Concurrently, the government began to purge and replace the ranks of the police force, with new recruits trained with the assistance of the United States and Canada in an effort to create a new organization without the taint of past corruption. An additional strategy—which has not gone without criticism—has been to bring in (former) citizens of other countries to lead important agencies or regions, including U.S.-born Natalie Jaresko to head the Ministry of Finance, Lithuanian Aivaras Abromavicius as Minister of Economy and Trade, and both Georgian Mikheil Saakashvili and Russian Maria Gaidar to provide leadership in the Odessa region. Among the greatest successes of this policy was Jaresko’s major restructuring of the country’s external public debt in August 2015, reducing the principal and lengthening the repayment schedule.

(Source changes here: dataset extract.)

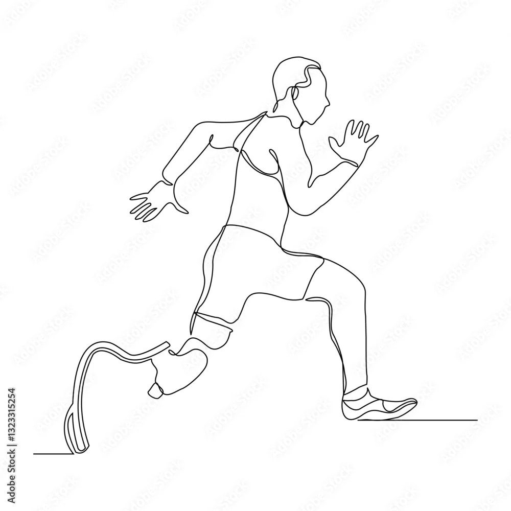 Continuous line of male amputee athlete runner with prosthetic legs run with motivation and passion competition. Single sketch drawing vector illustr ...

At the same time, enormous problems remain. In terms of macroeconomic numbers, the country continues to live under a sword of Damocles. As of the start of December 2015, the government still had not submitted a 2016 budget that met IMF goals of “further reduc[ing] the budget deficit and the public debt to saver levels.” External private debt remains high, and mortgages denominated in foreign currency threaten to either swamp Ukrainian homeowners or pit Ukraine against private international banks. The hryvnia, inflation, and the budget are all susceptible to shocks related to the war. Russia still controls levers that affect Ukraine’s economy, including a $3 billion Eurobond and a recent decision to suspend free trade with Ukraine from January 2016. Reports of corruption scandals still permeate the media, and a study released by Transparency International in August 2015 shows many citizens do not believe corruption has diminished since the Euromaidan. Furthermore, oligarchs remain, and the arrests and prosecutions that have occurred may be more about settling political scores than creating a level playing field in the economic realm.

From the perspective of the IMF, the Ukrainian government has achieved more than might reasonably have been expected over the past year and a half. Celebrations, however, should be tempered for two main reasons. First, the macroeconomic achievements are precarious and have been possible partly because of fortuitous external conditions, especially low world energy and commodity prices, rather than the actions of the government. Second, the deeper challenges of changing how Ukraine’s political economy functions are far more difficult to overcome. The history of economic development does not provide clear instructions for eliminating corruption and oligarchic influence. At best, it shows countries that have incorporated such phenomena into a system that also provides significant benefits to the rest of society. Ukraine’s evolution over the next several years may provide another window on that process.

Andrew Barnes is Associate Professor and Chair of the Department of Political Science at Kent State University.